I didn’t need to register, as I had apparently done so already, by creating something called a Government Gateway account when filing my tax return. I didn’t need to send them a photograph, as they still had my old one on file. I didn’t need to prove my address, as they had the electoral roll. I didn’t need to send them proof of identity, as they could look up my passport, just from the number. Seriously. Twenty minutes.

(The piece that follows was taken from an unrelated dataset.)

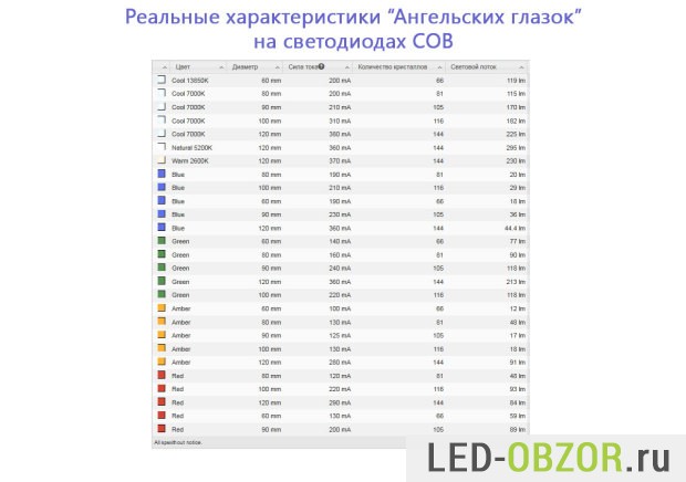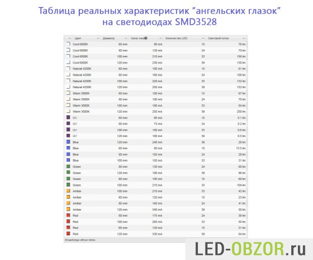 Китайские и отечественные продавцы завышают параметры и обещают невероятную яркость. В качестве примера покажу таблицу реальных характеристик для 3528.

[From Shared Opinions | The Spectator]
He mentions this to support the idea that there’s no point being against a identity card because, in essence, we already have one. But this is wrong: this is an argument in favour of an effective national identity register (which I am in favour of too) not an argument in favour of an effective national identity card which, had it existed and been designed properly, would have been used to authenticate Mr. Rifkind in this transaction. His experience illustrates precisely why the government should focus on the issuing of national identity numbers and not on storing data — any data — in the register. Adding a national identity number to the DVLA database makes sense: adding the DVLA number to the register doesn’t deliver anything beyond what is already place and makes the system potentially more vulnerable. What should happen is this: Mr. Rifkind logs in to the government gateway — initially using usernames and passwords but using 2FA once the cards have been rolled out in the future — and from then on seamlessly moves around government departments and gets stuff done using standard federated identity products. No spending half an hour searching for the piece of paper that you haven’t seen since last year that has your government gateway log in details on it, as I did when sorting out my tax last month (unluckily just before the whole system crashed).